The remark during a trip to South Korea came as Israeli troops escalated their assault on Gaza in response to the October 7 attacks by Hamas, which killed 1,400 people, most of them Israeli civilians.

The bombardment of Gaza since has killed more than 9,000 people, the majority ordinary Palestinians, according to the Gaza health ministry.

“I strongly believe, like any state, Israel has a right to defend itself, has the right to go after Hamas, so they can not do this again,” Varadkar told reporters in Seoul.

“But what I am seeing unfolding at the moment isn’t just self-defence, it resembles something more approaching revenge and that’s not where we should be and I don’t think it is how Israel will guarantee its future freedom and security.”

Ireland’s stance on the conflict has sometimes been at odds with its Western allies, with Varadkar one of the first EU leaders to call on Israel to ensure its response to Hamas’s attack was “proportionate”.

One dual Irish-Israeli citizen was among the victims of the October 7 attack, Israel’s response to which has stoked fears of a wider regional conflict.

Ireland, which has more than 300 soldiers stationed in Lebanon as part of a UN peacekeeping mission, was one of just eight EU member states to vote for a UN General Assembly resolution calling for a ceasefire in Gaza.
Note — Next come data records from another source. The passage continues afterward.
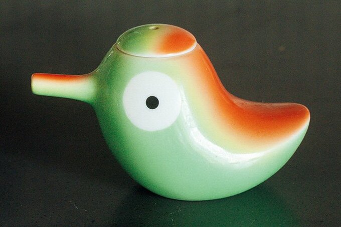 カラフルで愛嬌のある鳥モチーフの醤油差しは、友人からのプレゼント。陶器製。
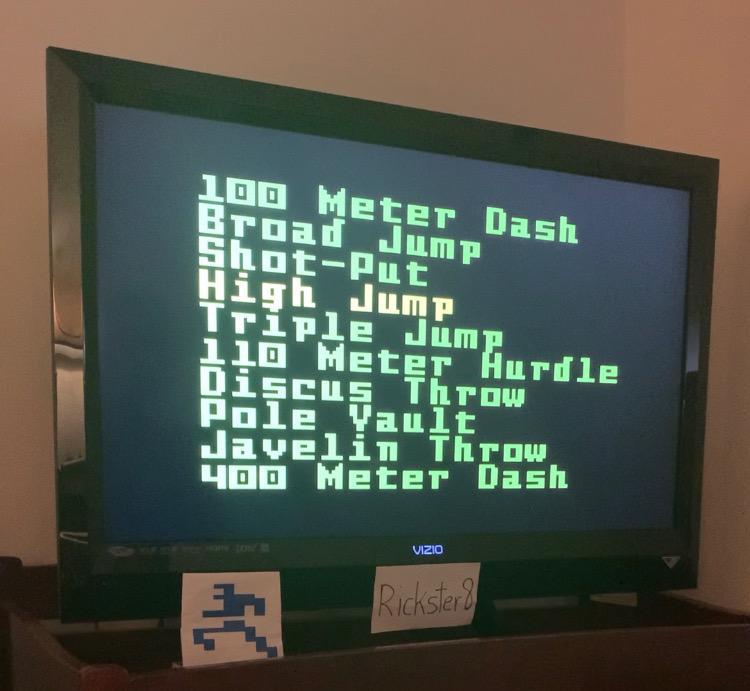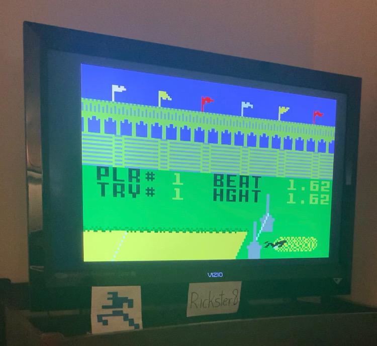 This is my submission for Super Pro Decathlon - High Jump - Amateur Level. My best jump was 1.62 meters. Button '1' for Amateur Level was pressed. There are many attempts on this video, but for this submission the best scoring run starts at the 2:48 mark. Final jump of 1.62 meters is shown at the 3:02 mark. After all the attempts were finished I showed my Emulated Intellivision, the power was on. At the very end of the video I reset the system and it showed Super Pro Decathlon as the current game. Thx
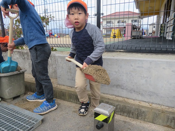 砂場に土を運んでいます。
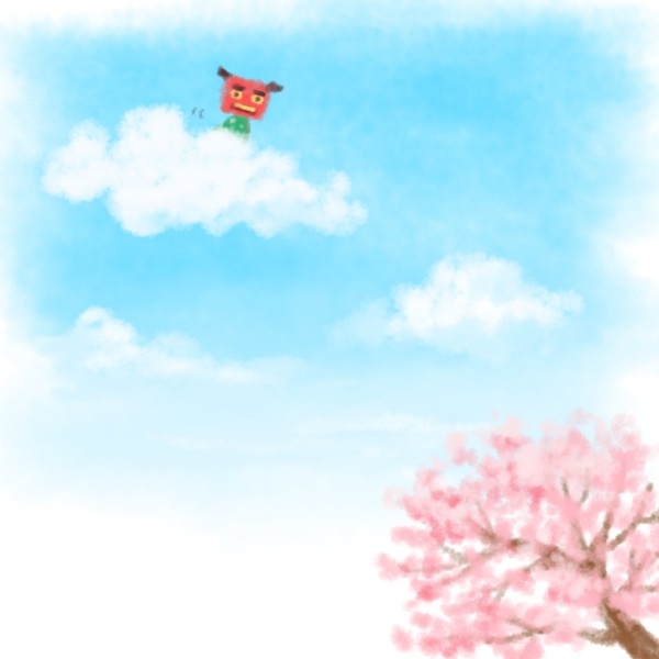 #一日一絵 №12 #春の睡眠の日 #空飛ぶししまい #NekoPaint 寝る直前に眠すぎて見えた何か、みたいな感じの絵です。
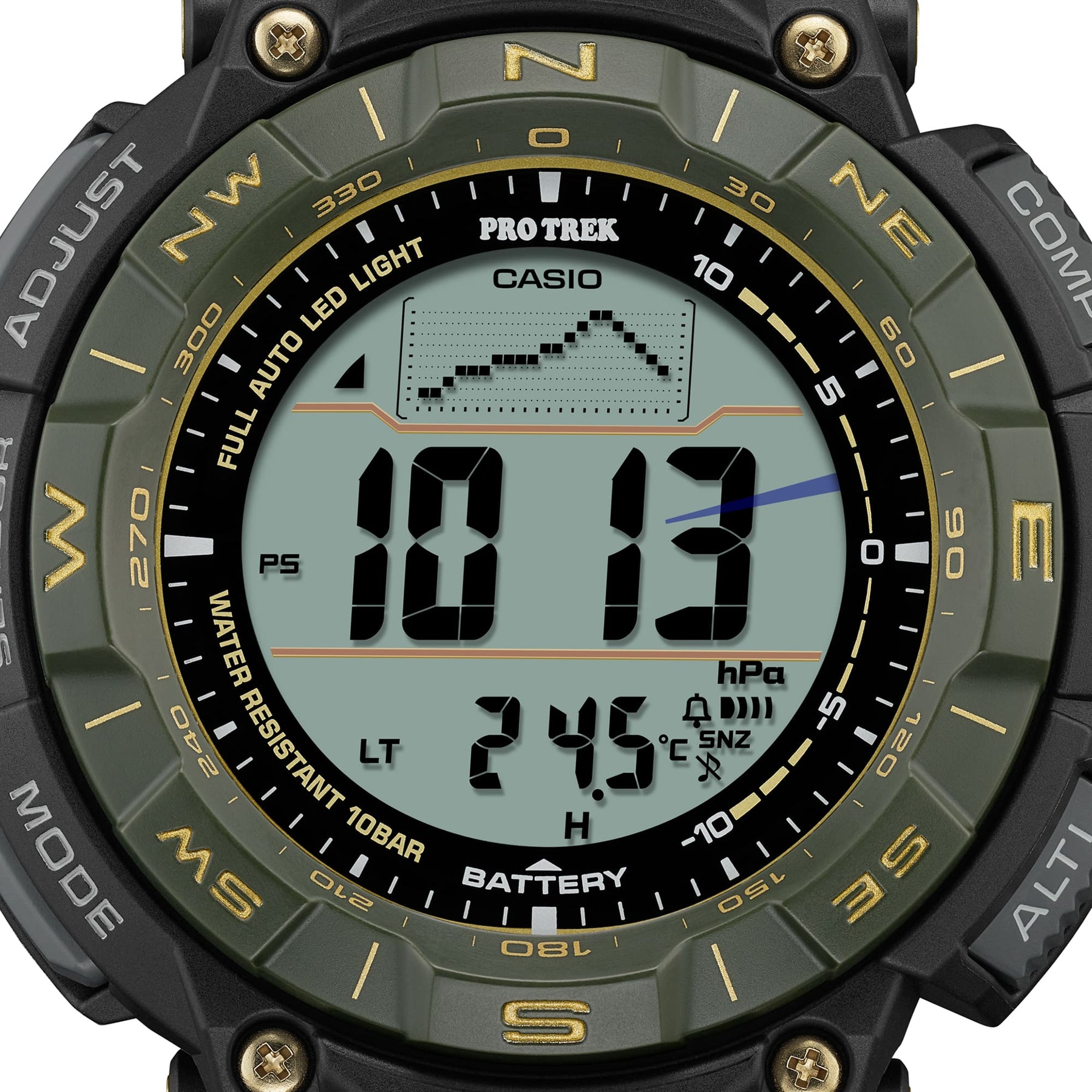PRO TREK watches deliver triple sensor measurements to keep you updated with direction, barometric pressure, altitude, and temperature readings. This PRO TREK is the only one equipped with both Bluetooth and Multiband 6, two ways to ensure precision timekeeping. With Multiband 6, even when far away from the Internet, the PRW-B1000 tunes in to radio signals to calibrate the time in places as far flung as Japan (2 stations), China, North America, the UK, and Germany.

Most member states abstained.

Varadkar said he believes that “Israel listens to countries it considers to be friends and allies, like the US”.

But he added that he is “not sure they listen very closely to what we have to say, quite frankly”.

“It is a state we have relations with, but I don’t think we are as close as we might have been or perhaps could be, because we do take a different position than most Western countries on Palestine and what’s happening at the moment,” he said.